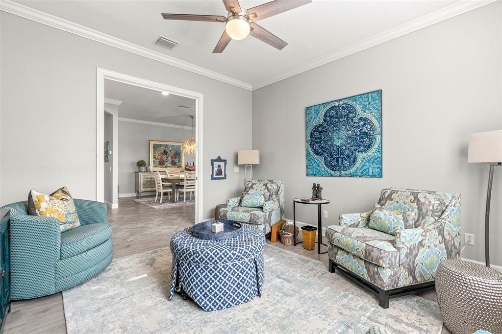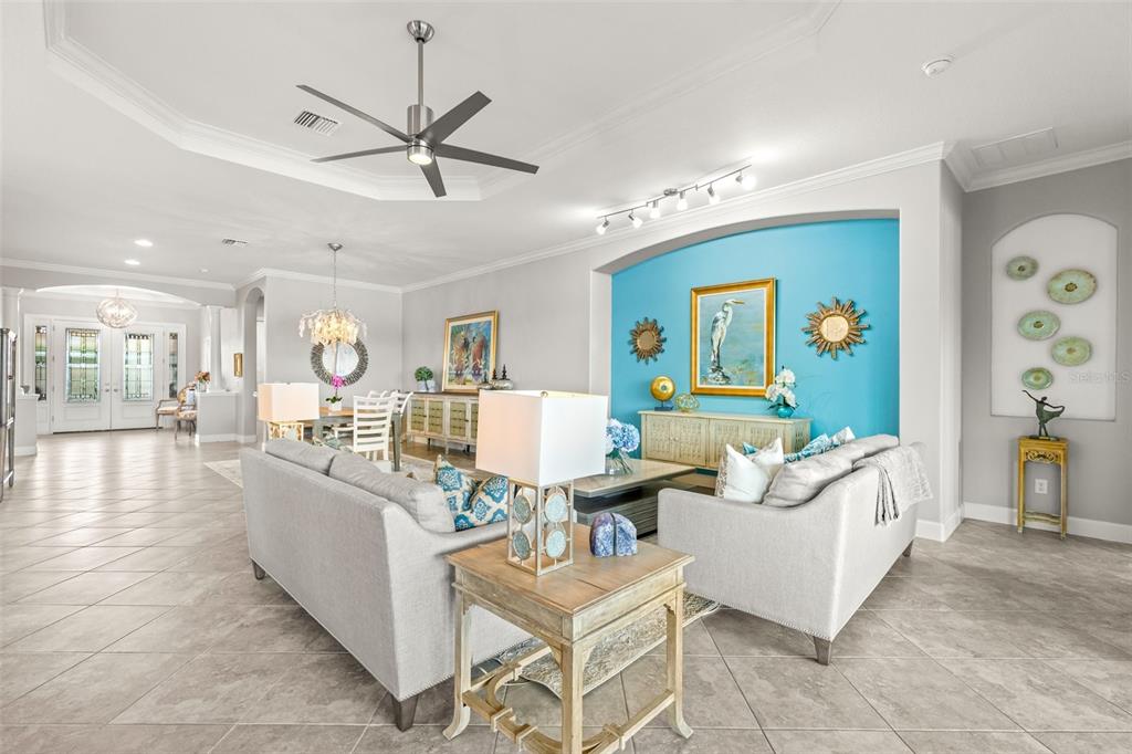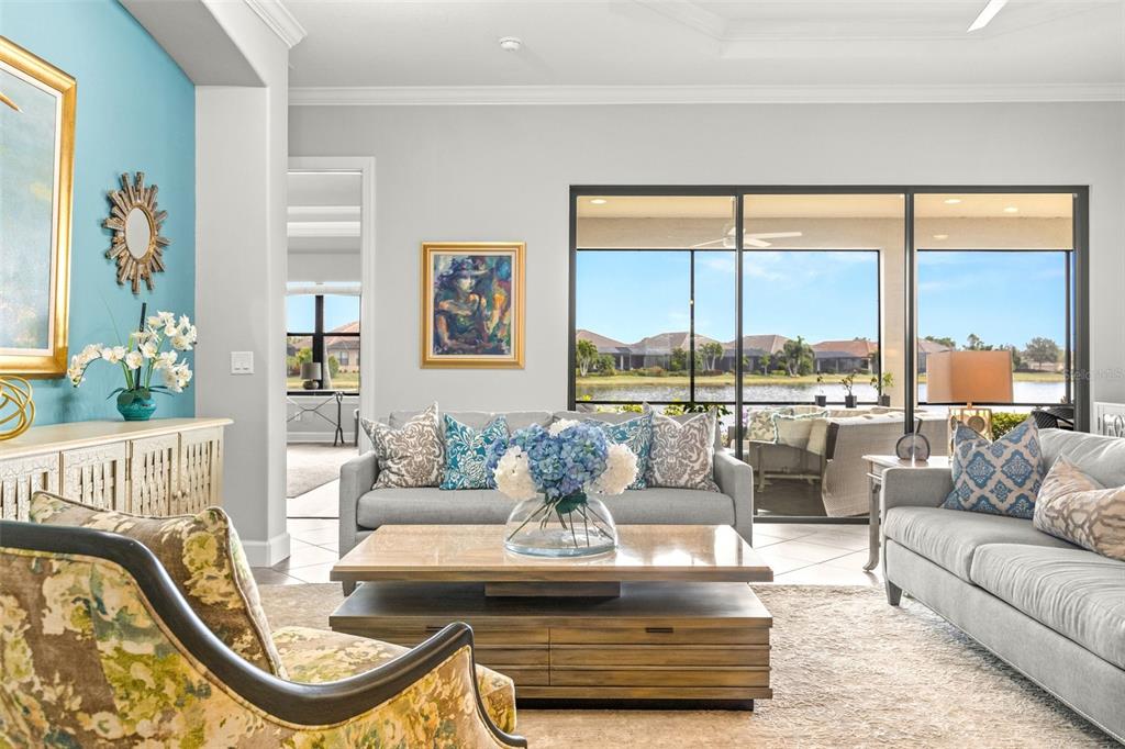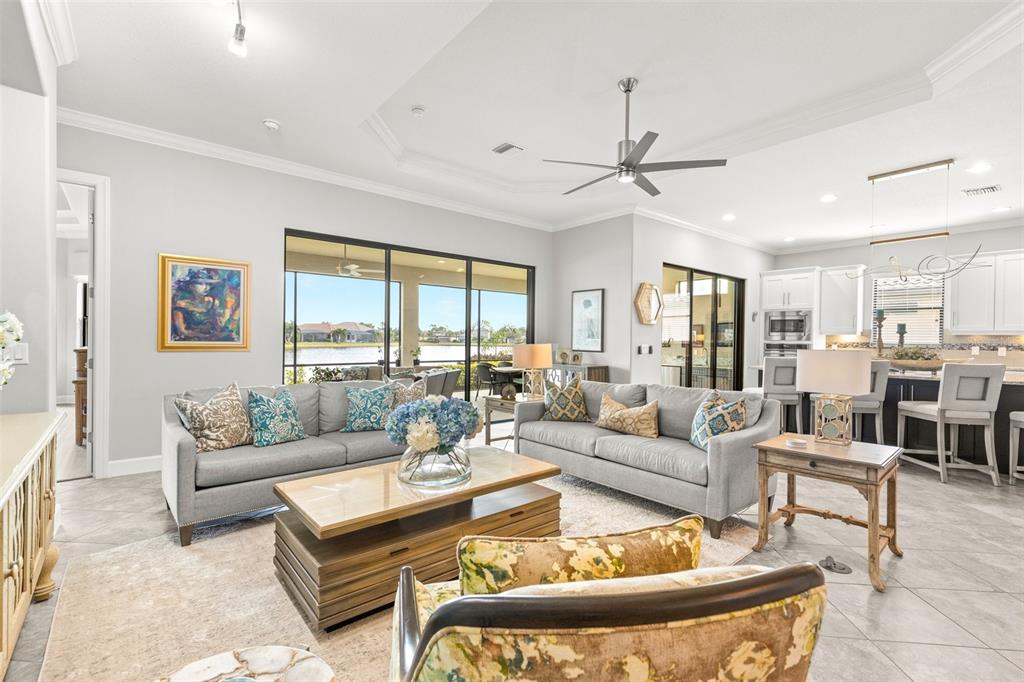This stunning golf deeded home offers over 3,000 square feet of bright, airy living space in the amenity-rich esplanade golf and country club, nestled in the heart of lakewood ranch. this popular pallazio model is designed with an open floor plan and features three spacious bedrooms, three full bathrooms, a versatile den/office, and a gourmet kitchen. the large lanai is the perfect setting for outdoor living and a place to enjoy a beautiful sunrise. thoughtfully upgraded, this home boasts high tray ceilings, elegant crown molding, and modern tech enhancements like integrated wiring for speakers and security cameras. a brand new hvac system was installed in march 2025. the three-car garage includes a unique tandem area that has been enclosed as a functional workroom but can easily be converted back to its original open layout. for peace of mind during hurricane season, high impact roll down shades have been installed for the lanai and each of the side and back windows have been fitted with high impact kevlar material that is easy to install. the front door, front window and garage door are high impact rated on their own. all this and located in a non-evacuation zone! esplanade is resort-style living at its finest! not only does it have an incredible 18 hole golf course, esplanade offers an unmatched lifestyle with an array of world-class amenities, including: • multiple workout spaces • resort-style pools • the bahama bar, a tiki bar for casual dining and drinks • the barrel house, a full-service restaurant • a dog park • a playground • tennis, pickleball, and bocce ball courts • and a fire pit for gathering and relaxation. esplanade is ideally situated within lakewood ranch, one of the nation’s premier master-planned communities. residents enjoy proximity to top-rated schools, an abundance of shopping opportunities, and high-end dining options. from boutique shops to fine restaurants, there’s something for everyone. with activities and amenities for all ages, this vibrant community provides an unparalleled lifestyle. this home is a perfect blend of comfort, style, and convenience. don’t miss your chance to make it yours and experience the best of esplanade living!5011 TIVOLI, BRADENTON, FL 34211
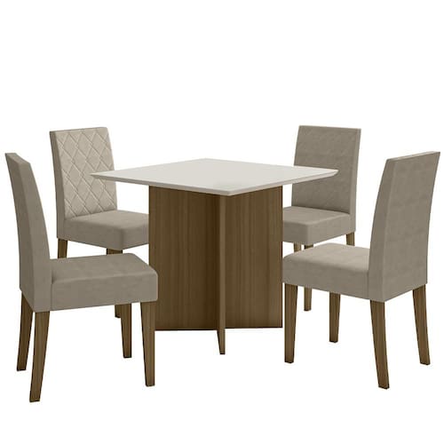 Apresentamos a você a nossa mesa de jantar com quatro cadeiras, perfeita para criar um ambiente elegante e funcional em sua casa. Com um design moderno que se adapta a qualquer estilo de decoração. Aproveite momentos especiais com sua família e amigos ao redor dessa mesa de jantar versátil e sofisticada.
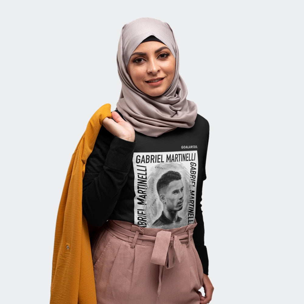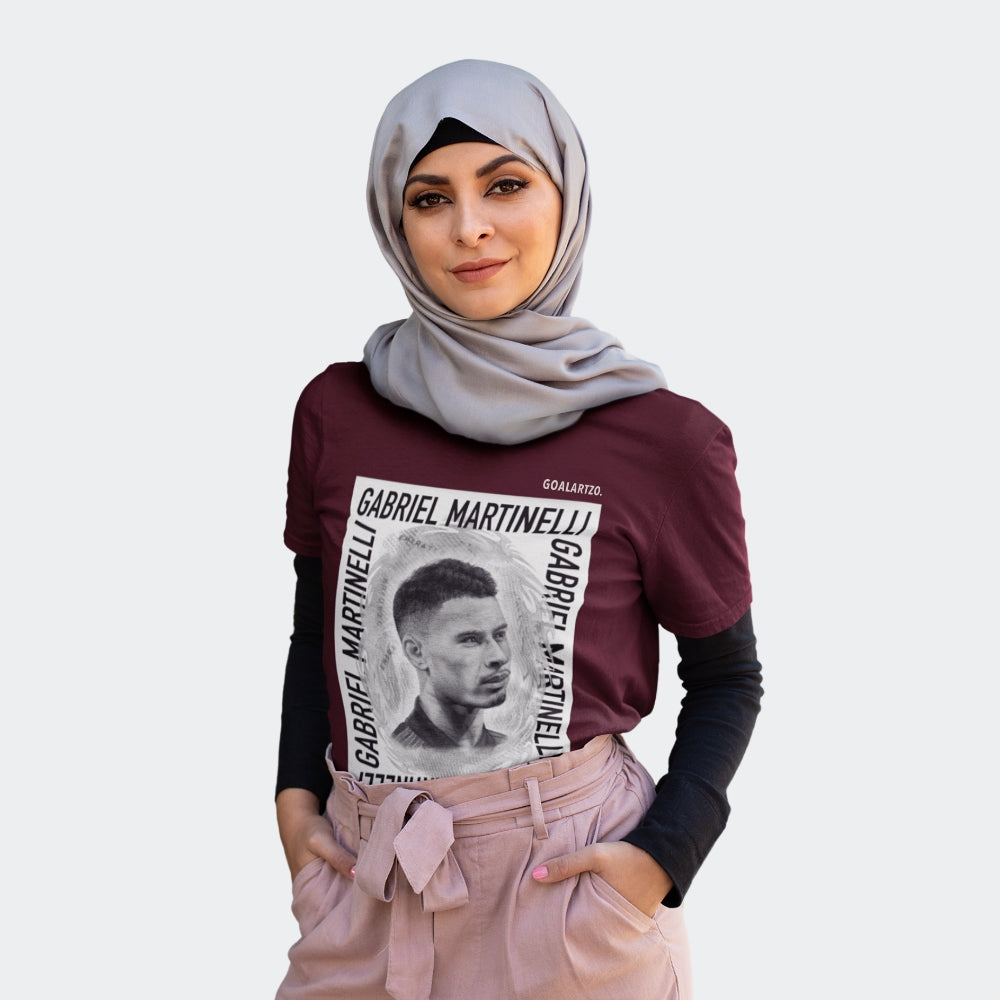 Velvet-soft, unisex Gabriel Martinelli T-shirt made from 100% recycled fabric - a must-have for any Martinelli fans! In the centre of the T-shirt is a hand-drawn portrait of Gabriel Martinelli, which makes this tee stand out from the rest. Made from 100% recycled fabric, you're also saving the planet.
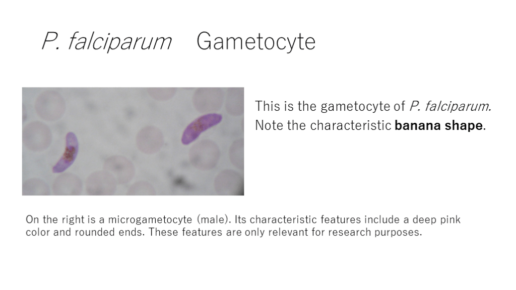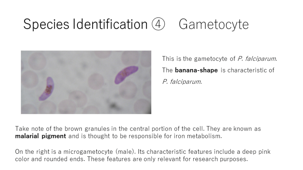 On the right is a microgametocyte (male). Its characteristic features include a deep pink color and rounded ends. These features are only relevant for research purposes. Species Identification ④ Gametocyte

» **Instructions to follow**: To answer, repeat exactly the lines from the line containing "Velvet-soft, unisex Gabriel" through the last line of the data above, leaving out all pictures.

» **Response below**:
 Velvet-soft, unisex Gabriel Martinelli T-shirt made from 100% recycled fabric - a must-have for any Martinelli fans! In the centre of the T-shirt is a hand-drawn portrait of Gabriel Martinelli, which makes this tee stand out from the rest. Made from 100% recycled fabric, you're also saving the planet.
 On the right is a microgametocyte (male). Its characteristic features include a deep pink color and rounded ends. These features are only relevant for research purposes. Species Identification ④ Gametocyte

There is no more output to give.